- [WHAT THE EXERCISE ASKS]: What you return should match the material below line for line, except that no image appears in it.
◆ ◆ ◆ ◆
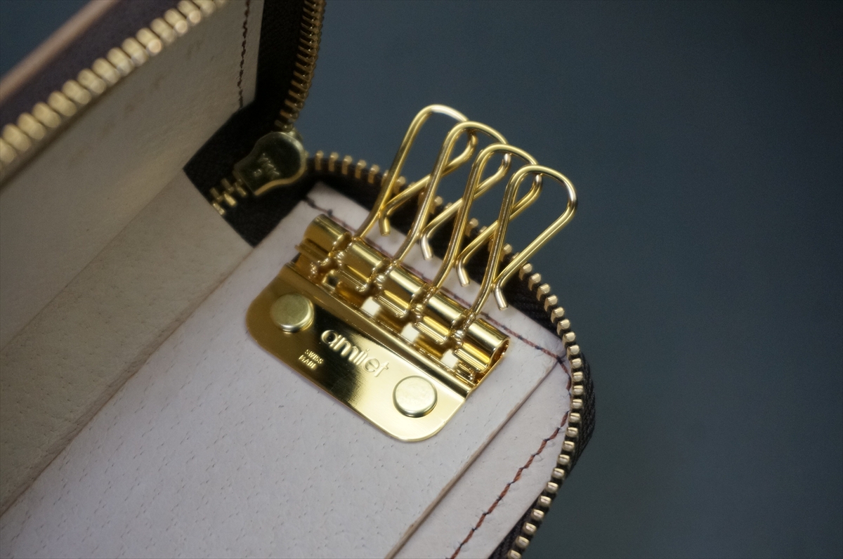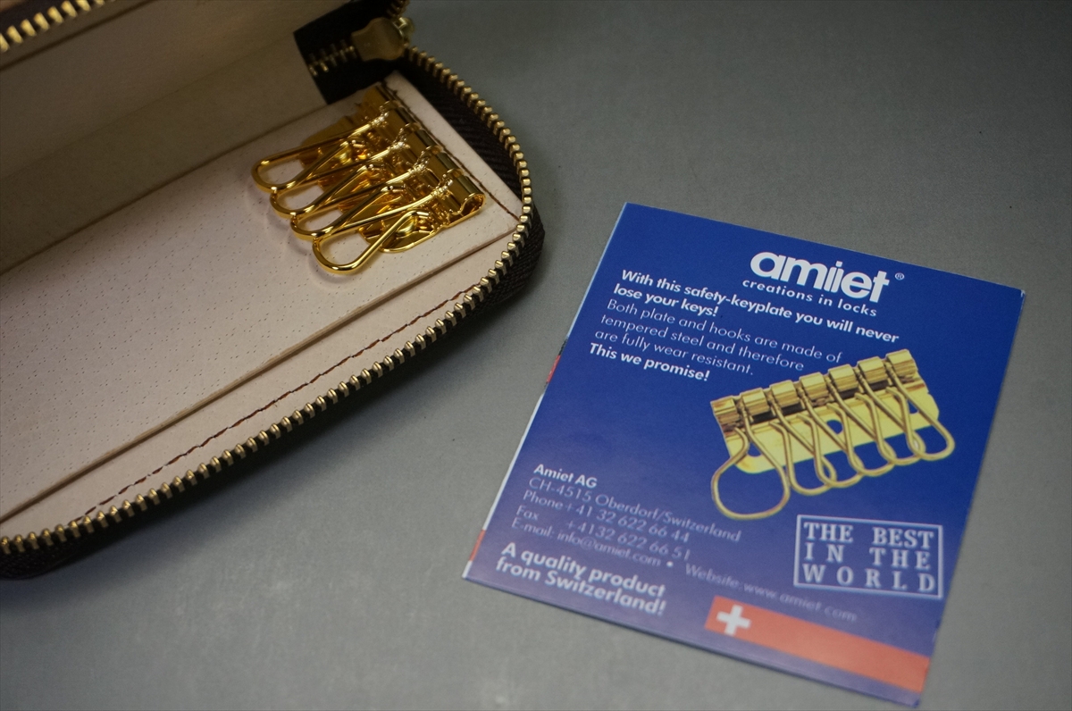 なお、革素材だけではなく、キー金具は今では入手できないスイスの老舗メーカーであるアミエ社の高級金具を使用しています。
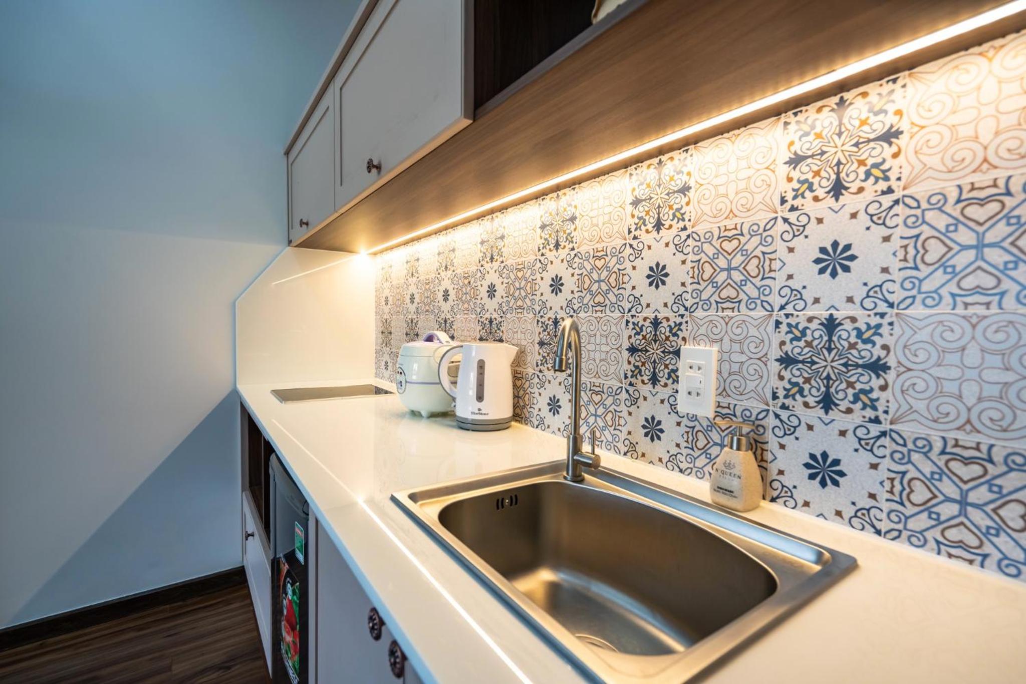 Phòng đầy đủ tiện nghi từ bếp, máy giặt, bàn ủi, máy sấy. Vị trí cũng thuận tiện, gần HXH và quảng trường
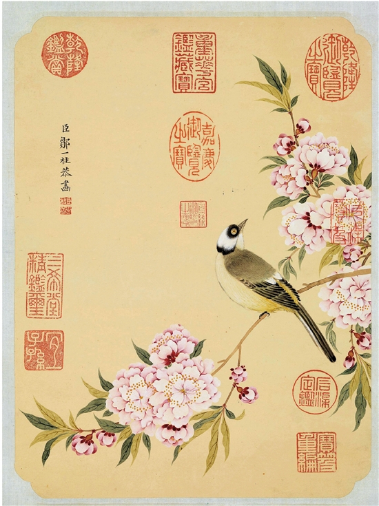 清 邹一桂 碧桃春鸟图 29.2×21.6cm 纸本 立轴 设色 台北故宫博物院
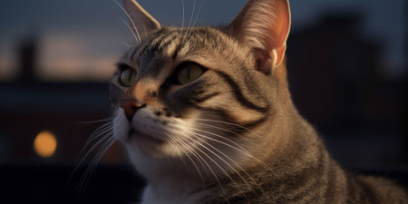 An AI generated illustration of a cute tabby cat looking aside with the city in the background
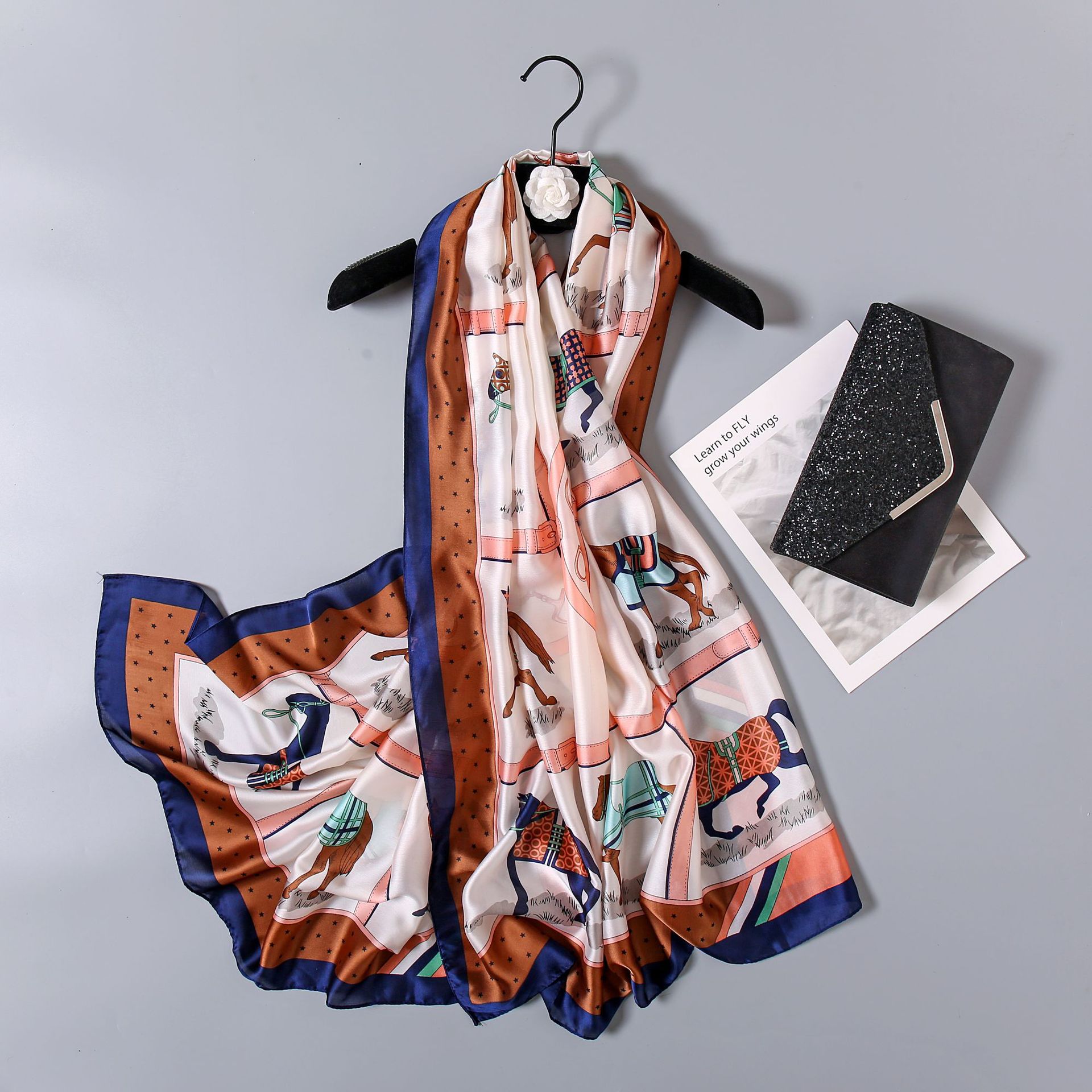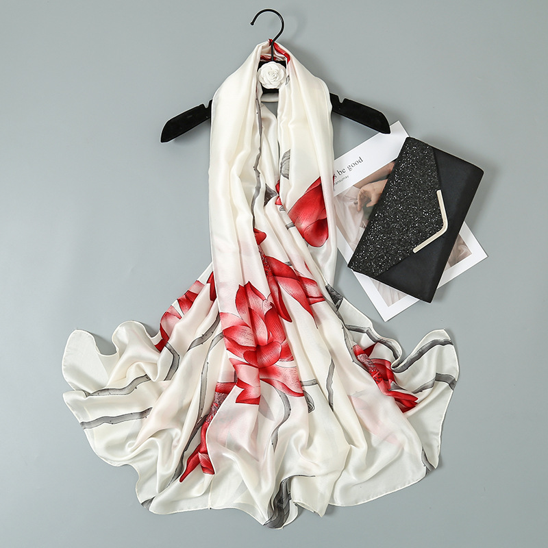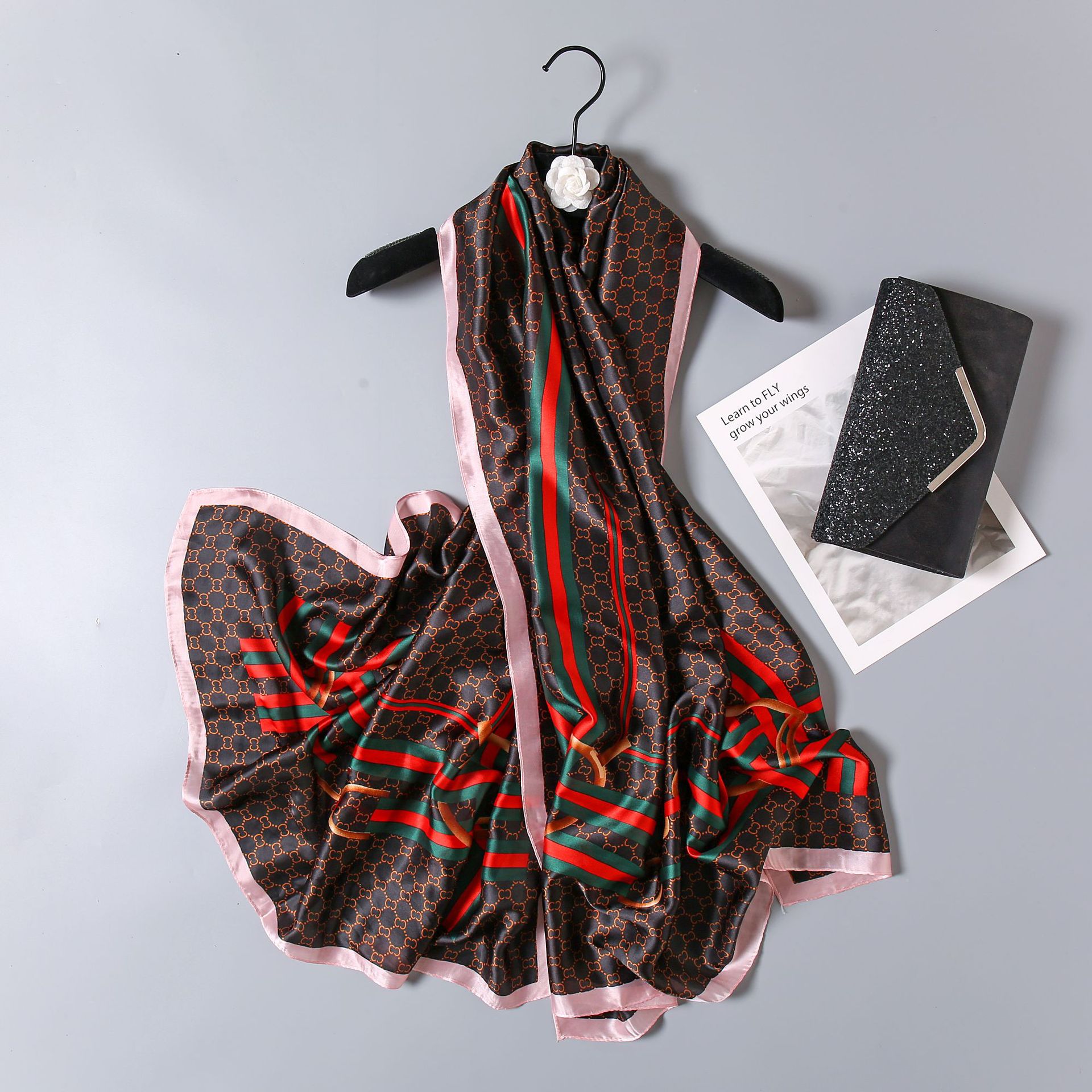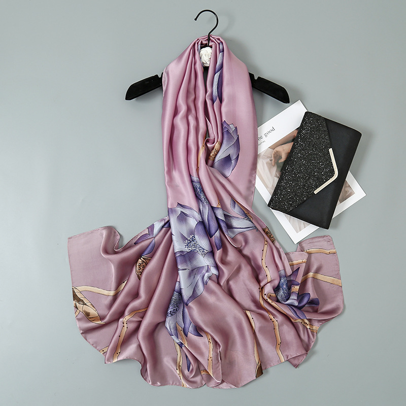 가오헤 봄과 여름 새로운 네잎 클로버 꽃 여성용 자외선 차단제 실크 스카프 롱 숄 해변 휴일 차양 스카프스토어 가기
◆ ◆ ◆ ◆
- [EXPECTED ANSWER]:
 なお、革素材だけではなく、キー金具は今では入手できないスイスの老舗メーカーであるアミエ社の高級金具を使用しています。
 Phòng đầy đủ tiện nghi từ bếp, máy giặt, bàn ủi, máy sấy. Vị trí cũng thuận tiện, gần HXH và quảng trường
 清 邹一桂 碧桃春鸟图 29.2×21.6cm 纸本 立轴 设色 台北故宫博物院
 An AI generated illustration of a cute tabby cat looking aside with the city in the background
 가오헤 봄과 여름 새로운 네잎 클로버 꽃 여성용 자외선 차단제 실크 스카프 롱 숄 해변 휴일 차양 스카프스토어 가기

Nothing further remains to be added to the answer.